Paul is starting to sober up. The lamb had that effect. "But what does it do", I ask, "if it seems that the code is all shite?" I love that word. Shite shite shite. So much more refined than shit.

"Man, I love these chips. It is hard to say if they really are nachos are not. I mean, do nachos require nacho chips? You would think so. But here is some phenomenon, some amazing new thing. It clearly draws on poutine as well, with the thick gravy-like meat sauce and cheese curds instead of melted jack cheese, or worse, velveeta cheese food spread. But the gravy is not beef-based. It is lamb, and has some great, what, Moroccan spices? So here we have a bowl filled with potato chips, with a northern African spice take on a Canadian / Mexican fusion recipe. Only here, in the great melting pot of the world."

"It's a salad now."

"What? No, these are chips."

"No, they don't teach melting pot in schools anymore. Now it's more like a salad. Different people, different groups, but we all come together harmoniously. I think the salad dressing is supposed to be America now."

"Probably ranch dressing."

"Yep. Ranch, the racist-est of dressings."

"Anyway. The problem I was trying to solve was tricky. The user has a mobile device, and that device has storage space. It can remember things, and we ask it to do that. We store stuff that the system needs to run, like the user's authentication tokens, but we also store data in the cache so that the application does not need to re-fetch some image every time it needs to get displayed."

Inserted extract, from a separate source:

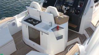Capellis flaggskepp! Här får du 44 fot som verkligen väcker uppmärksamhet. Du rör dig enkelt runt på däck och det finns gott om både sitt- och solplatser. Det fina v-skrovet ger mycket bra sjöegenskaper och med 3x350hk en toppfart på över 50 knop.

"I know how caches work, Paul."

"Okay, well, anyway, you know then that cache invalidation is probably one of the hardest practical problems you face. If the user is always connected and online, no big deal. But if the user exits, how does the device know what resources have updated by the time they log in again? Furthermore, and this is something that front-end people tend to not worry about, no offense, but even if the user is always online we cannot really trust the network."

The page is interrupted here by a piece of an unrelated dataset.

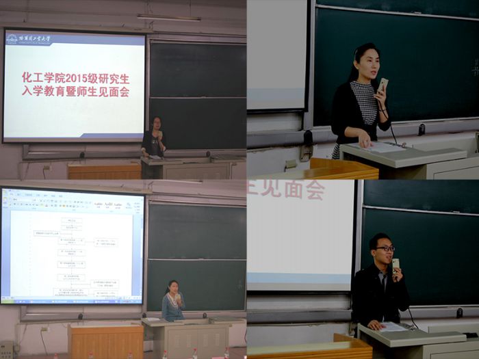 9月11日上午,化工学院2015级研究生入学教育暨师生见面会在诚意楼A12举行。化工学院院长黄玉东、党委书记岳会敏、副院长尹鸽平、院长助理张旭、杜春雨、于淼、应用化学系主任安茂忠、高分子科学与工程系主任刘丽、催化科学与工程系主任甘阳、生物分子工程与化工系主任韩晓军、食品科学与工程系主任卢卫红、化学工艺系副主任姚忠平、高分子科学与工程系副主任龙军等出席了见面会,化工学院2015级秋季学期入学的139名硕士研究生和49名博士研究生参加了见面会。会议由研究生协理员王玉楠主持。 会议第一部分为研究生入学教育。博士生教学秘书王晶详细讲解了研究生课程的选定、博士生培养环节要求等一系列研究生培养细节;硕士生教学秘书丛培琳老师详细讲解了硕士生的培养要求和流程,并针对不同类别硕士生如何选课作了具体说明;研究生兼职辅导员高金龙针对硕士新生强调了研究生手册中关于开学注册、三助工作、社会实践等内容;研究生协理员王玉楠为新生介绍了学校的各项管理规定,并对研究生手册做了更为详细的解读,对各位研究生做出了明确的外出安全要求,鼓励博士生积极参与国际学术交流。 在随后进行的师生见面会中,院长黄玉东教授代表学院对全体2015级研究生的到来表示诚挚的祝贺和热烈的欢迎,他从学校和学院的发展历史概况、学院师资队伍、学科建设、科学研究、人才培养、太阳集团合作以及近几年取得的成绩等方面详细介绍了学院的办学特色和育人理念,并勉励同学们要具备坚定的信念和社会责任感、端正学风、勤于思考、培养太阳集团能力和创新意识,切实提高自身的学术水平和综合素质,为国家和社会贡献自己的力量。副院长尹鸽平教授对化工学院研究生培养目标、行为准则、培养环节进行了详细介绍,针对安全保密、学术道德、培养年限、工作时间、毕业要求等方面做出了明确要求,最后她祝福全体研究生都能顺利的完成学业,为化工学院的建设增添一份力量。 会后,2015级硕士研究生参加了导师见面与互选会,确定了自己的导师、研究方向以及研究生课程。

"None taken, but why not? We have TCP, we get some guarantees about packet delivery." I'm showing off a bit here. I really am pretty much only front end. Never let anyone tell you otherwise, there is a ton of important and specialized knowledge in building the front end well and I doubt Paul could build an interface as buttery-smooth as I, but by the same token, I'm on thin ice when thinking farther into the network stack than, 'I ask for something, and I get a promise that resolves in its value or an error.'

"Well, you get some best-effort promises from TCP, but if the server tries to send an update packet and there's a failure of any sort, a hiccup in the network, some kind of wumpus just eats the packet, whatever, the server gets a nicely-formatted error about how it did not go through. We do not really know why the network failed, just that it failed. Even worse, sometimes it is not the initial send that fails, but instead the acknowledgement that fails. So after a fail, if we want to retry we have to reconstruct the initial data we want to send and we had better hope that update is idempotent, because we might have accidentally sent it a second time. We cannot reasonably retry indefinitely, because there are over a million connected devices at any time, and they get serviced by different application servers depending on load, so passing the 'this is what I was trying to do' state around for fails is really expensive. So if there is a packet drop, we just drop that error."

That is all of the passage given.